PROBLEM DETAILS |
Reproduce exactly, and only, the lines below from the one containing "苏泊尔(SUPOR)抽油烟机" through the one containing "Glass Deco - Sada".
:: DATA UNDER STUDY
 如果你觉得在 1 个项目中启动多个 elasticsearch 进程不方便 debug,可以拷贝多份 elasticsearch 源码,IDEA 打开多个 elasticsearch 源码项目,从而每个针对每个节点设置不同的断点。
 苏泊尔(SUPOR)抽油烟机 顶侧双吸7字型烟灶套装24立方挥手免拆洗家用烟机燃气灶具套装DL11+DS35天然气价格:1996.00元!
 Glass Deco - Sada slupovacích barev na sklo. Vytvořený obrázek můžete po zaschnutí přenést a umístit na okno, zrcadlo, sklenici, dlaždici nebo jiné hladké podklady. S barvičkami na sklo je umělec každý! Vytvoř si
::::
:: DATA UNDER STUDY
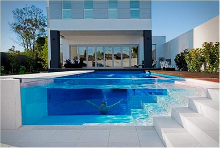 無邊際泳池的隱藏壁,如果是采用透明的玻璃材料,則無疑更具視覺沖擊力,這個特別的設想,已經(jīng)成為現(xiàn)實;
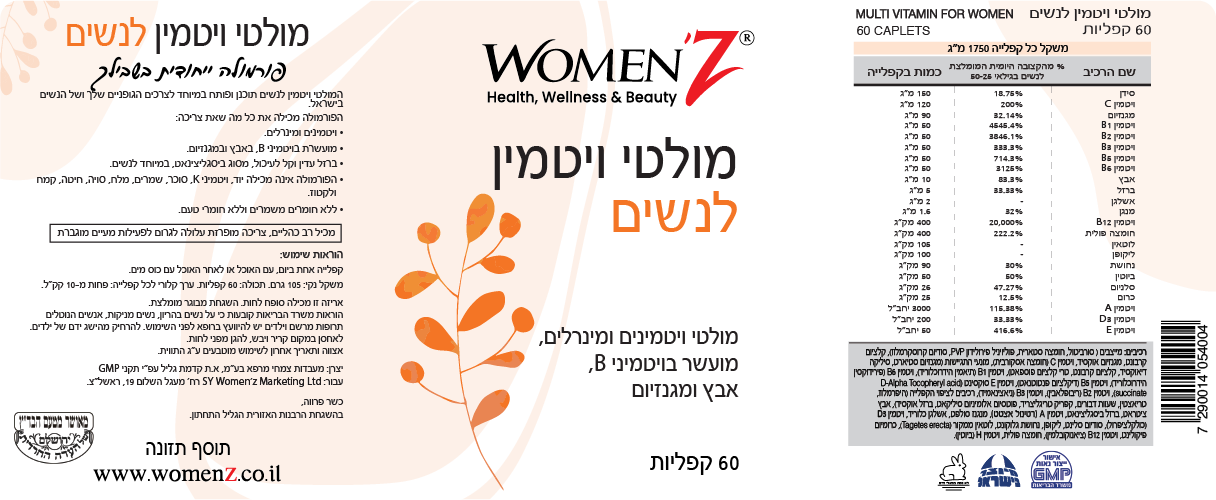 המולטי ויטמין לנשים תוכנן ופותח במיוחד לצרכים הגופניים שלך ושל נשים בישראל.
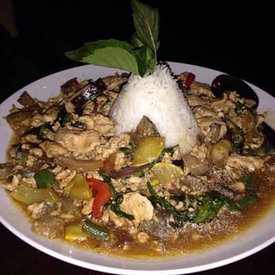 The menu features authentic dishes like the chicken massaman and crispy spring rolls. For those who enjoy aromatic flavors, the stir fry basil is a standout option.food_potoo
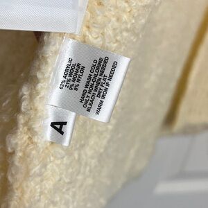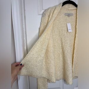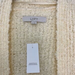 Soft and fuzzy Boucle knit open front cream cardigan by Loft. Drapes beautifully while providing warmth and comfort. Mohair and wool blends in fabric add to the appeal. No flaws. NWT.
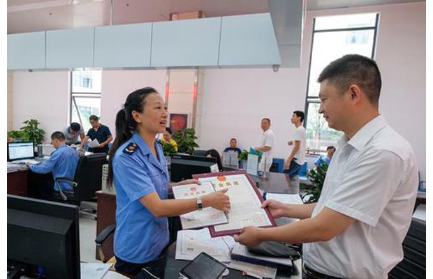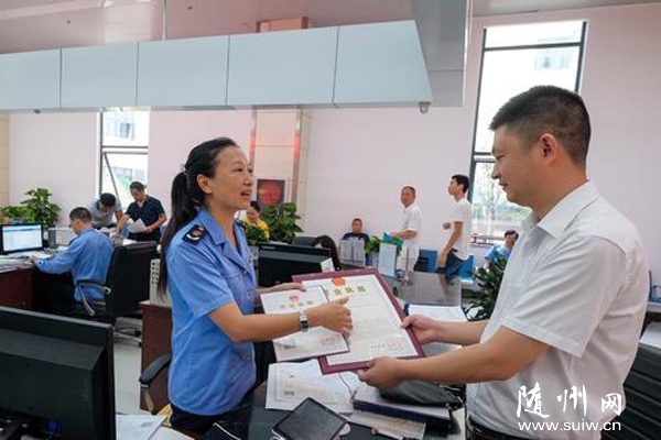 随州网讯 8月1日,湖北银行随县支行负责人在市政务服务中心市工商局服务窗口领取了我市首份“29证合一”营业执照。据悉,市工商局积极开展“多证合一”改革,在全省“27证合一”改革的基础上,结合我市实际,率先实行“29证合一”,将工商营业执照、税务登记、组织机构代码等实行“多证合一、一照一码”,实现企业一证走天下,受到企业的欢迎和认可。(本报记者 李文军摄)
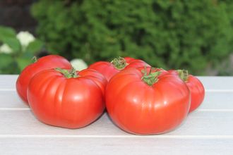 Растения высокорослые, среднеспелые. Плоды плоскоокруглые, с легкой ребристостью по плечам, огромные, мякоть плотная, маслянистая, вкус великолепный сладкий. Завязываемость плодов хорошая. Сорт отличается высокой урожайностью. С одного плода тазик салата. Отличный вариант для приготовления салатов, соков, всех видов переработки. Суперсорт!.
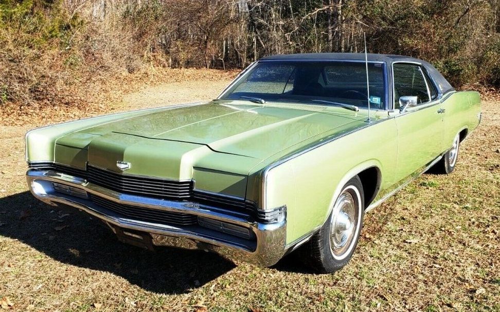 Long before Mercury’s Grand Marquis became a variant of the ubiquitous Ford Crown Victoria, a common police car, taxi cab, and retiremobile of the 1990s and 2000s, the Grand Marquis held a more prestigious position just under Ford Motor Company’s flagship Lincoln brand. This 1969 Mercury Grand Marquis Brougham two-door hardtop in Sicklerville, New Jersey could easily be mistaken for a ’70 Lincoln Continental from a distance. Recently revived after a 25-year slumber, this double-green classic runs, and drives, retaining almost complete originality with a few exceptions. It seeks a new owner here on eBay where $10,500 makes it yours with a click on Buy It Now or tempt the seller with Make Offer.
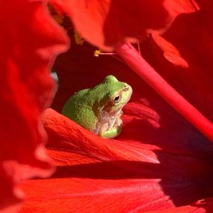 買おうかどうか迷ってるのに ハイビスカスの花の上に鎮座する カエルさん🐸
::::
:: DATA UNDER STUDY
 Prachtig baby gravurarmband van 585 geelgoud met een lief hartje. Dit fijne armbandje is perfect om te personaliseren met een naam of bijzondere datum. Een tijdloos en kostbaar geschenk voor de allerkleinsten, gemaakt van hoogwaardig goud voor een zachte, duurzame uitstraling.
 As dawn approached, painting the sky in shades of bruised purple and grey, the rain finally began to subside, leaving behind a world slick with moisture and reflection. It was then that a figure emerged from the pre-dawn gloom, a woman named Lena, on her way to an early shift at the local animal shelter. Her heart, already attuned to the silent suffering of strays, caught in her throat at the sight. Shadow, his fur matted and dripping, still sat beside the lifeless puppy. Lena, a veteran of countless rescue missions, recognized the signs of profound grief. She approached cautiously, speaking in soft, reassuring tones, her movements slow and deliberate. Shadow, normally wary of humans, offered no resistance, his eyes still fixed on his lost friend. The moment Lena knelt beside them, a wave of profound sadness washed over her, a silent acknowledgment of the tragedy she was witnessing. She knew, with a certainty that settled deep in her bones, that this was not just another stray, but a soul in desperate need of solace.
::::
SOLUTION FOR THIS TASK |
 苏泊尔(SUPOR)抽油烟机 顶侧双吸7字型烟灶套装24立方挥手免拆洗家用烟机燃气灶具套装DL11+DS35天然气价格:1996.00元!
 Glass Deco - Sada slupovacích barev na sklo. Vytvořený obrázek můžete po zaschnutí přenést a umístit na okno, zrcadlo, sklenici, dlaždici nebo jiné hladké podklady. S barvičkami na sklo je umělec každý! Vytvoř si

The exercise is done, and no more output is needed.